> **What you need to do**
The answer must be every line of the records below that contains the word "Baxşiyev".

*****

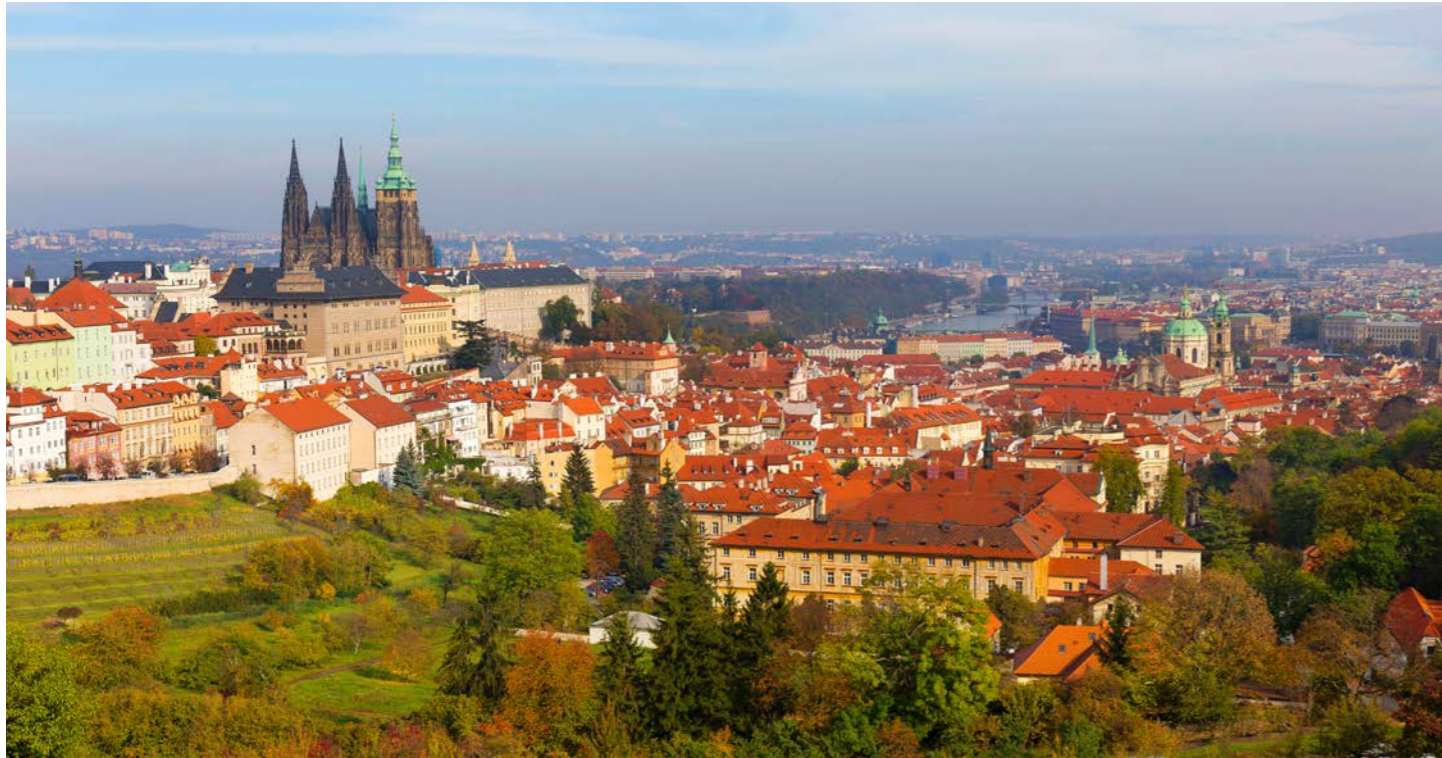
ペトシーンの丘からの眺め (イメージ)
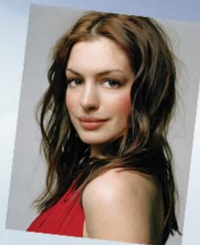
ئانا ھاساوى ۲-۲
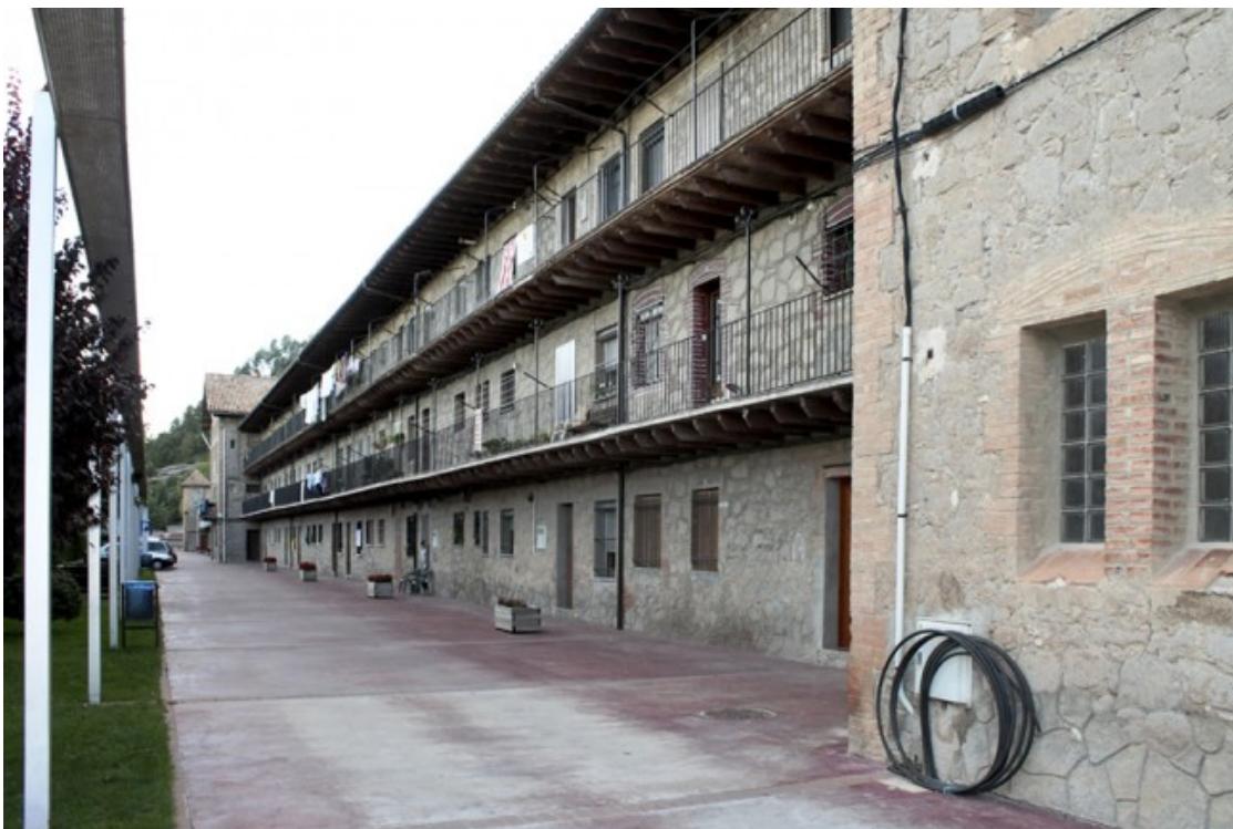
Imatge actual de la colònia industrial berguedana, assaltada per un escamot llibertari fa 69 anys. La colònia de la Plana va ser una de les més importants del Berguedà
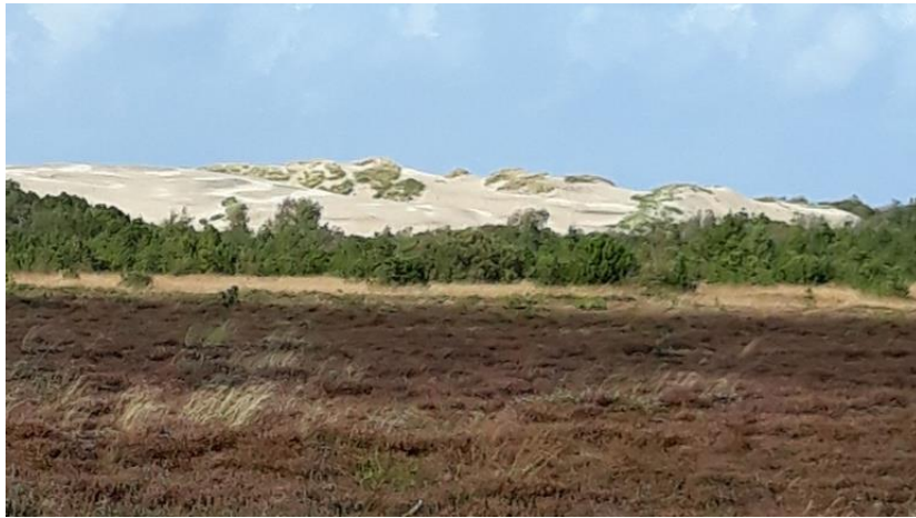
Vandreklitten Råbjerg Mile

Efter 10 minutter måtte vi stoppe og tage regnjakker på. Ofte dukkede solen og, og vi så den smukke natur
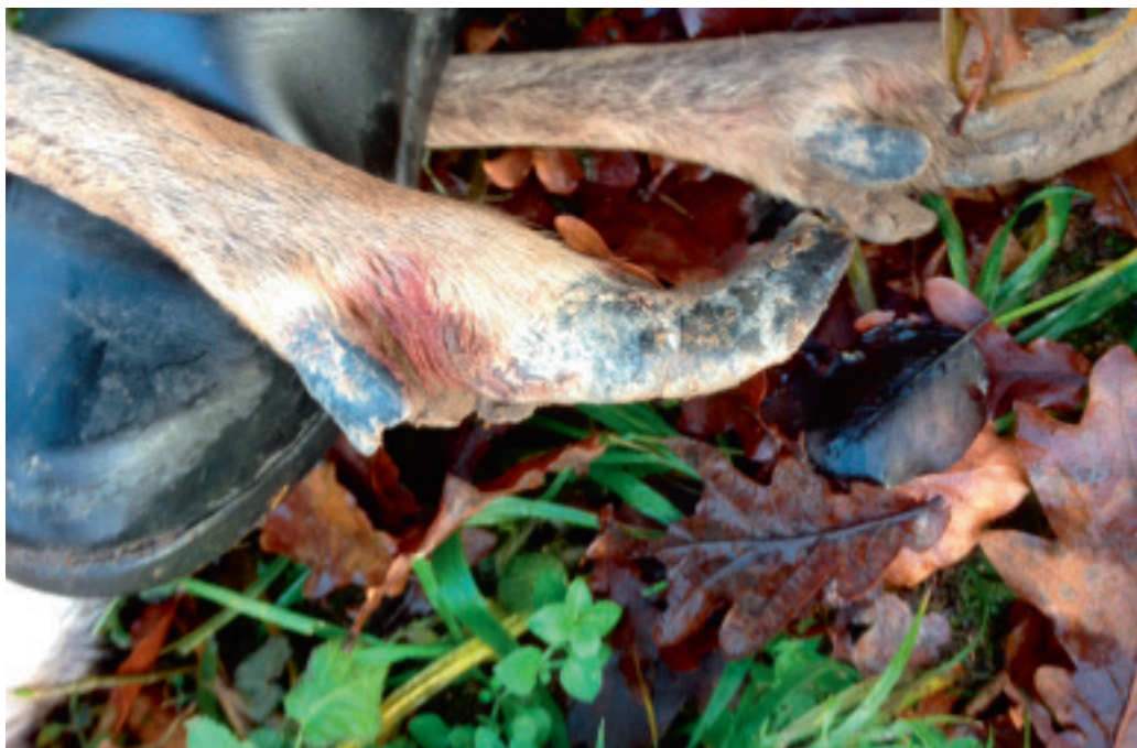
Snabelsko er en sjælden misdannelse af klovene.

Råen viste sig ikke bare at have snabelsko, den var også usædvanlig gammel. Tænderne var næsten slidt ned til gummene. - Det er da lidt pudsigt, at jeg skal starte med at skyde en rå med snabelsko, når de nu er så sjældne, slutter Steen.
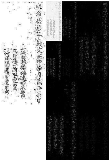
FIG. 2 – Exemple de binarisation par combinaison de la transformée multirésolution de Hadamard et la méthode d'Otsu.
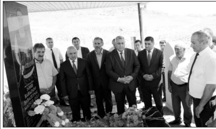
Amburdərə kəndində şəhid Babazeynal Babazadənin doğum günü münasibətilə rayon icra hakimiyyəti başçısının səlahiyyətlərini icra edən Cəlif Baxşiyev və birinci vitse-prezident Mehriban xanım Əliyevaya minnətdarlıqlarını bildirdilər.

yətlərini icra edən Cəlif Baxşiyev rayonun hüquq-mühafizə orqanlarının rəhbərləri və kənd sakinləri ilə birlikdə şəhidin mezarını ziyarət etdi və üzərinə gül-çiçək düzdülər.
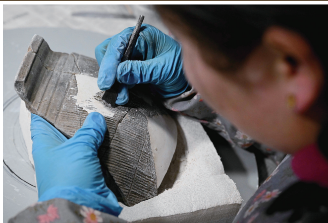
在中国社会科学院考古研究所安阳工作站,工作人员在对殷墟洹北高城出土的陶片进行整理修复。

2024年2月26日,首个全景式展现商文明的国家重大考古专题博物馆——殷墟博物馆新馆对公众开放。
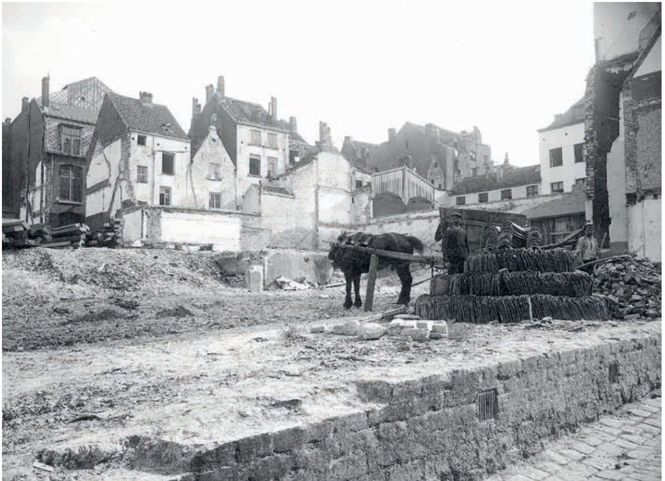
9. Gesorteerde dakpannen en houten balken gereed voor transport in 1911

eiste ze dat aannemers de vrijgekomen materialen en objecten zouden vrijwaren en eventuele schade herstellen of ze vervangen om zo het hergebruik ervan mogelijk te maken. 27 Het hergebruik van bouwmaterialen op de plaats van afbraak liet toe om de bouwkosten van het heropbouwproject te verlagen, maar dit was enkel mogelijk wanneer afbraak en heropbouw naadloos op elkaar aansloten. Bij grootschalige stadsvernieuwingsprojecten was deze strategie minder toepasbaar, aangezien er vaak lange perioden tussen waren. Bovendien verschilde de opdrachtgever voor de afbraak (de stad Brussel) meestal van de opdrachtgever voor de heropbouw (bouwpromotoren of particulieren), waardoor de stad een leeg terrein moest achterlaten na afbraak.
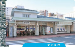
ときわだいえき ときわ台駅
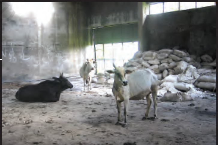
यूनियन कार्बाइड संयंत्र के इर्द-गिर्द बिखरे पड़े रसायनों के बोरे

यूनियन कार्बाइड ने कारखाना तो बंद कर दिया, लेकिन भारी मात्रा में विषैले रसायन वहीं छोड़ दिए। ये रसायन रिस-रिस कर ज़मीन में जा रहे हैं जिससे वहाँ का पानी दूषित हो रहा है। अब यह संयंत्र डाओ कैमिकल नामक कंपनी के कब्जे में है जो इसकी साफ़-सफ़ाई का जिम्मा उठाने को तैयार नहीं है।
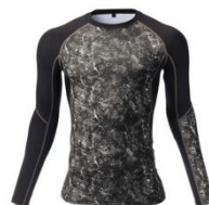
模様がある。単色ではない。
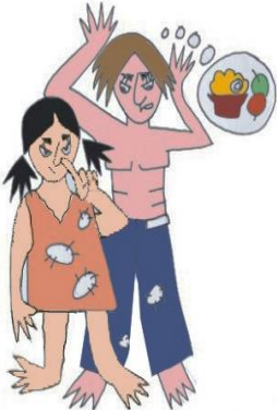
Çocuğa yeterli bakım sağlamamak, ör: Kirli, çıplak, aç bırakmak

*****

> **Result of this exercise**
Amburdərə kəndində şəhid Babazeynal Babazadənin doğum günü münasibətilə rayon icra hakimiyyəti başçısının səlahiyyətlərini icra edən Cəlif Baxşiyev və birinci vitse-prezident Mehriban xanım Əliyevaya minnətdarlıqlarını bildirdilər.
yətlərini icra edən Cəlif Baxşiyev rayonun hüquq-mühafizə orqanlarının rəhbərləri və kənd sakinləri ilə birlikdə şəhidin mezarını ziyarət etdi və üzərinə gül-çiçək düzdülər.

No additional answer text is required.